Almost all patients with ocular problems are exposed to fluorescein in topical form, during routine ocular examination. A case of a 51-year-old woman who developed an anaphylactic reaction when she was administered fluorescein sodium 2% eye drops after cataract surgery is reported.

 

A 51-year-old English woman attended the Oxford Eye Hospital for a postoperative check-up two weeks after uneventful phacoemulsification cataract surgery that was performed under topical anaesthesia. As part of the ophthalmic examination, fluorescein 2% eye drops (Bausch and Lomb Minims®) were administered topically into her operated eye in order to check the corneal wound integrity and measure the intraocular pressure.

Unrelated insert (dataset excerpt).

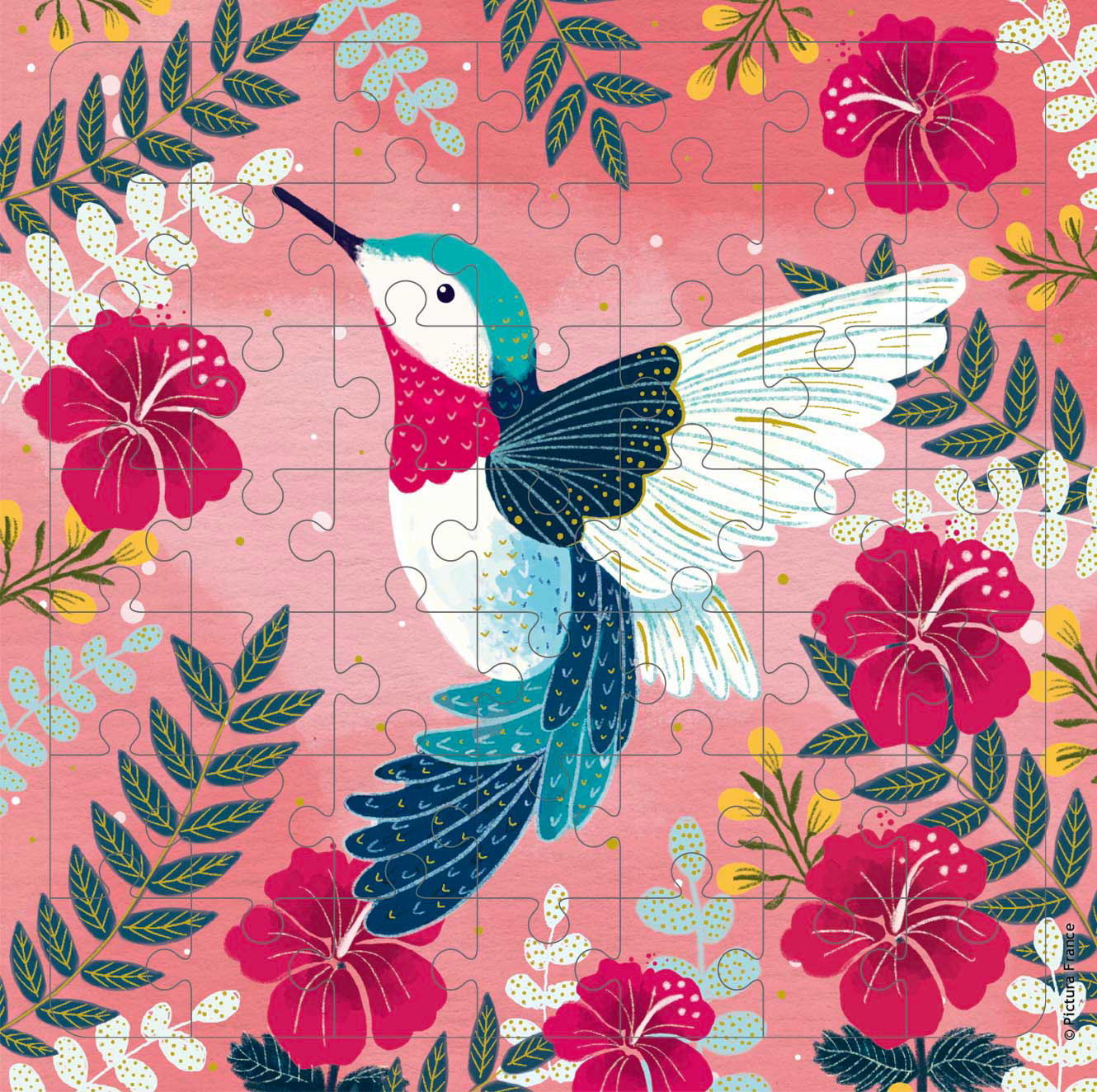Картичка со сложувалка од 49 дела | Тема на картичката - Колибри ● Димензии: 15,5 см x 15,5 см. ● Вклучува превиткана картичка со истата слика ● Вклучува бел плик ● Печатено на FSC-сертифицирана хартија.
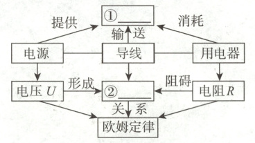 19. 如图是电学知识部分结构图,请补充完整。

No other eye drops were instilled into her eye during her outpatient visit. Within 30 seconds of topical fluorescein administration, she developed acute dyspnoea, wheezing and tachycardia. Well-versed with the symptoms of the onset of anaphylaxis, she administered 0.6 mg intramuscular adrenaline from her auto-injector (EpiPen®). Venous access was obtained and the patient was given intravenous chlorpheniramine and oral prednisolone. Despite a good initial response, she deteriorated acutely within 30 minutes, with tongue swelling, airway obstruction, and subsequent loss of consciousness. Following appropriate resuscitation, she was transferred for further observation to the intensive care unit. She was discharged from our hospital after 48 hours.

 

This case illustrates how the administration of a seemingly benign fluorescein 2% eye drop can have serious consequences in a susceptible patient. The absence of an anaphylactic reaction when topical fluorescein is used for the first time does not preclude a life-threatening reaction from its subsequent administration in the same patient.